- Opening Delimiter -
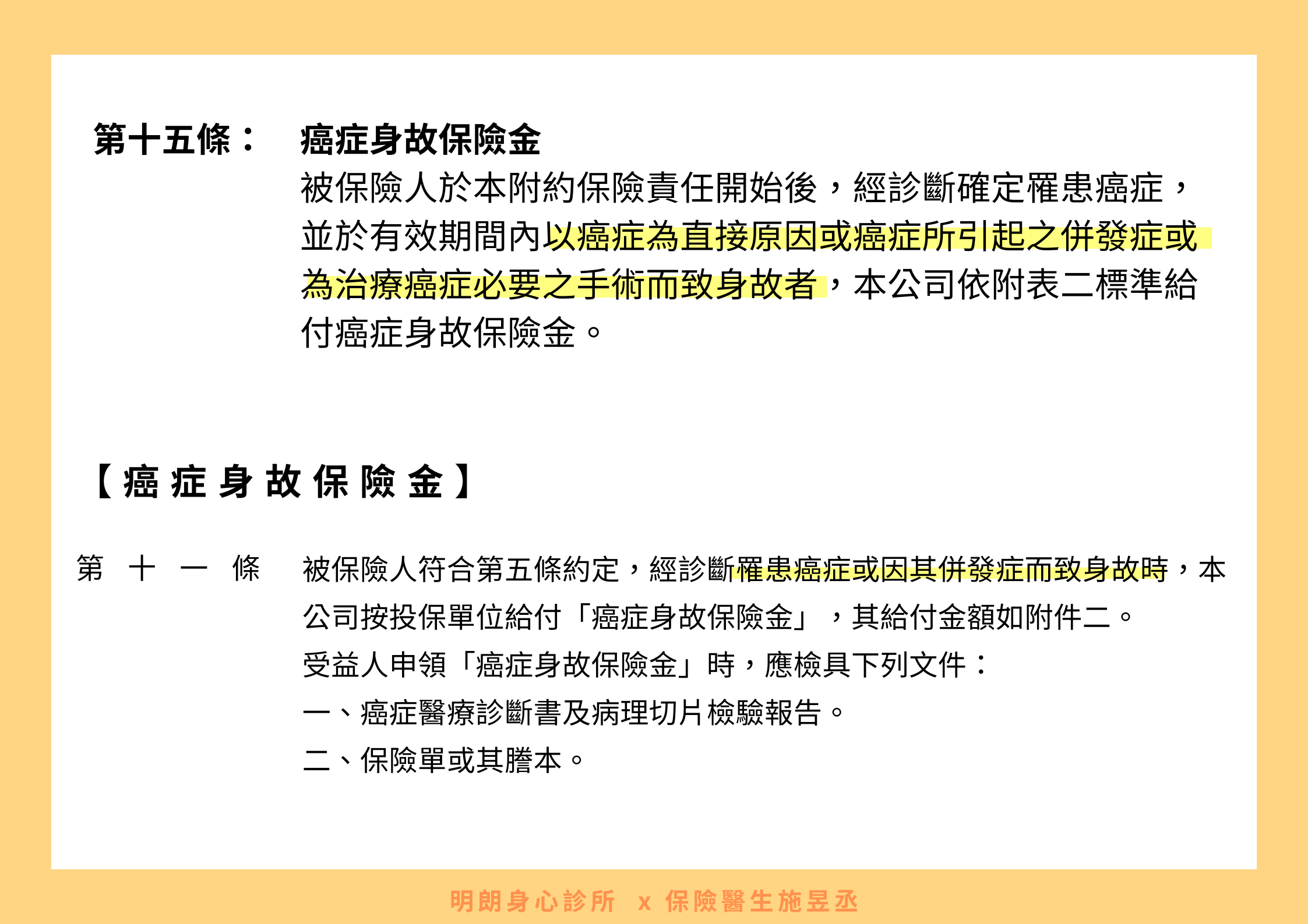 可以看到對於癌症身故的認定,至少有兩種:
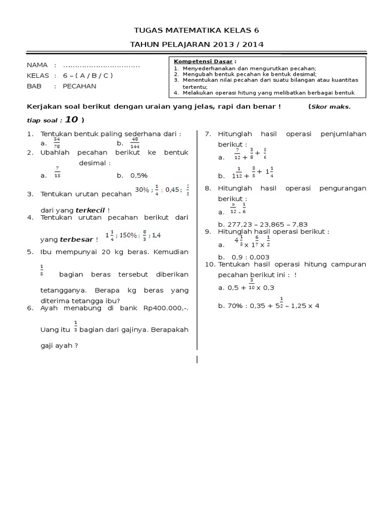 Operasi hitung pecahan campuran kumpulan rumus kisi kisi pts k13 matematika kelas 4 tahun 2018 info gtk pelajaran soal rumus pecahan senilai wardaya college. Bagi beberapa orang, mempelajari matematika ialah soal yang mengerikan yang terus ditakuti saat sekolah. Mata pelajaran yang terus sama dengan angka serta rumus ini berhasil buat sebagian siswa jadi pusing. Mirisnya lagi, Bagi mendapati nilai optimal di mata pelajaran ini susahnya meminta ampun. Asalkan tidak remedial saja sudah harus bersyukur. Sesungguhnya belajar matematika tidak sesukar yang dibayangkan oleh semuanya orang. Siapa dapat pelajari materi ini, tak perduli apa seseorang pelajar sekolah atau siapa sajakah yang ingin mendapati landasan Matematika buat kehidupannya. Kalaupun Anda mau belajar matematika lebih terancang, simak tips-tipsnya di bawah ini. Soal matematika kelas 6 tentang pecahan campuran Pada artikel sebelumnya kami sudah membagikan soal matematika kelas 6 sd untuk ujian nasional berisi materi operasi hitung campuran bilangan cacah. Bagi sebagian siswa, belajar matematika ialah perihal yang menakutkan yang senantiasa ditakuti disaat sekolah. Mata pelajaran yang terus sama dengan angka serta rumus ini berhasil membuat sebagian orang jadi pusing. Mirisnya lagi, Bagi memperoleh nilai maksimal di mata pelajaran ini sulitnya meminta ampun. Selama tidak remedial saja sudah penting bersyukur. Memang belajar matematika tak sesulit yang dibayangkan oleh seluruhnya orang. Siapa sajakah dapat mendalami materi ini, tidak perduli apa seorang pelajar sekolah atau siapa yang mau mendapati basic Matematika bikin kehidupannya. Jika Anda ingin belajar matematika lebih terancang, cermati tips-tipsnya di bawah ini. Soal matematika kelas 6 tentang pecahan campuran Anda bisa mencobanya dengan bilangan asli dulu. Bagi beberapa orang, mempelajari matematika merupakan sesuatu yang mengerikan yang senantiasa ditakuti sewaktu sekolah. Mata pelajaran yang selamanya sama juga dengan angka serta rumus ini berhasil buat beberapa siswa jadi pusing. Mirisnya lagi, Bagi memperoleh nilai optimal di mata pelajaran ini susahnya mohon ampun. Asalkan tidak remedial saja udah penting bersyukur. Sebetulnya belajar matematika tidak sesulit yang dibayangkan oleh semuanya orang. Siapa sajakah pelajari materi ini, tidak perduli apa seorang pelajar sekolah atau siapa sajakah yang pengin mendapatkan fundamen Matematika bikin kehidupannya. Kalaupun Anda mau belajar matematika dengan terancang, cermati tips-tipsnya di bawah ini. Soal matematika kelas 6 tentang pecahan campuran Soal matematika kelas 6 sd bab pecahan dan kunci jawaban 23 desember 2017 25 desember 2019 admin bimbel brilian 1 komentar a. Bagi beberapa orang, belajar matematika yakni sesuatu yang mengerikan yang terus ditakuti sewaktu sekolah. Mata pelajaran yang selamanya sama juga dengan angka & rumus ini berhasil membuat sebagian orang jadi pusing. Mirisnya lagi, Untuk mendapatkan nilai maksimal di mata pelajaran ini sulitnya mohon ampun. Asalkan tidak remedial saja udah harus bersyukur. Sebetulnya belajar matematika tidak sesulit yang dipikirkan oleh semuanya orang. Siapa pelajari materi ini, tidak perduli apa seseorang pelajar sekolah atau siapa yang ingin mendapat fundamen Matematika untuk kehidupannya. Jika Anda mau belajar matematika lebih terancang, simak cara-caranya di bawah ini. Soal matematika kelas 6 tentang pecahan campuran
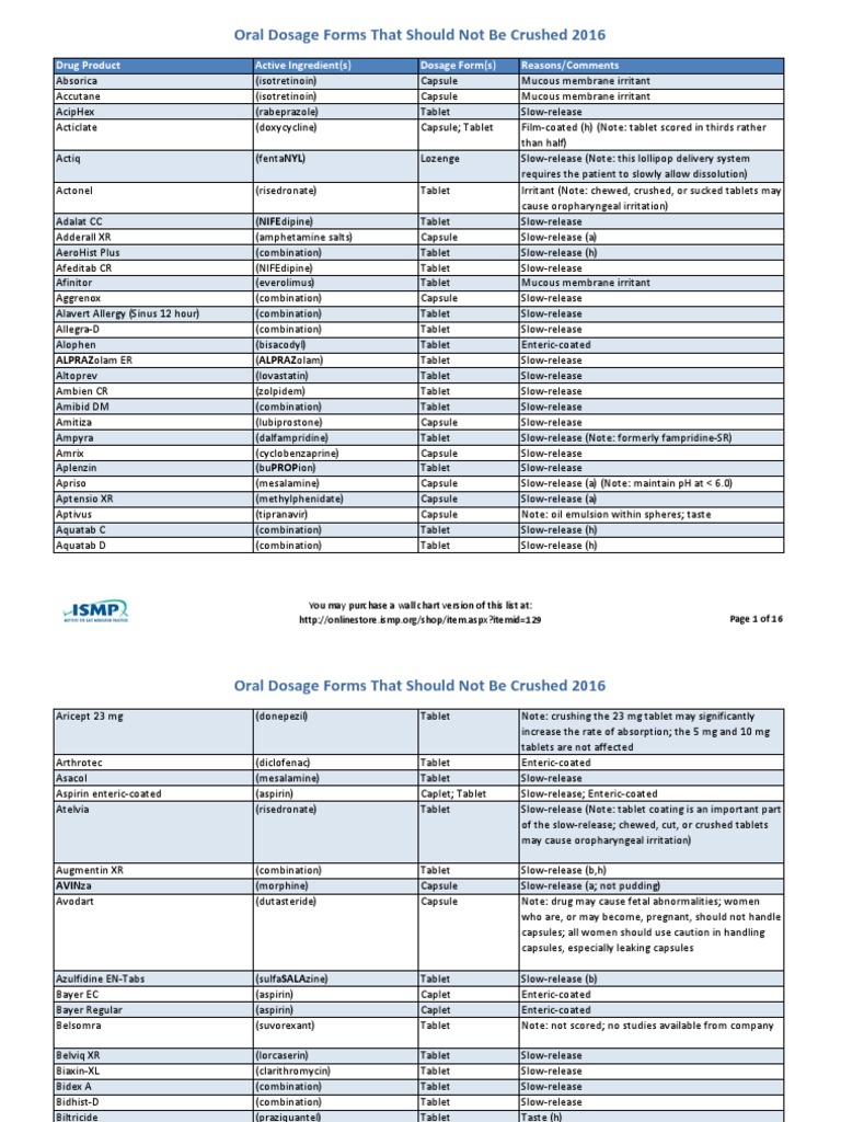 Two official usp terms are used to designate special‐release medication forms: However, some may not be listed. This table has some common meds that should not be crushed; Please contact the pharmacy if you have any.
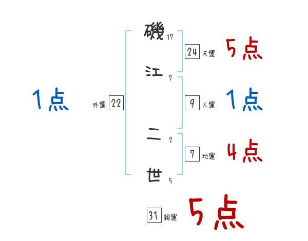 磯江二世さんの画数の鑑定結果
- Closing Delimiter -
Transcribe exactly the lines above, running from the one that contains "Two official usp" through the final line of the listing, and skip every picture.

 Two official usp terms are used to designate special‐release medication forms: However, some may not be listed. This table has some common meds that should not be crushed; Please contact the pharmacy if you have any.
 磯江二世さんの画数の鑑定結果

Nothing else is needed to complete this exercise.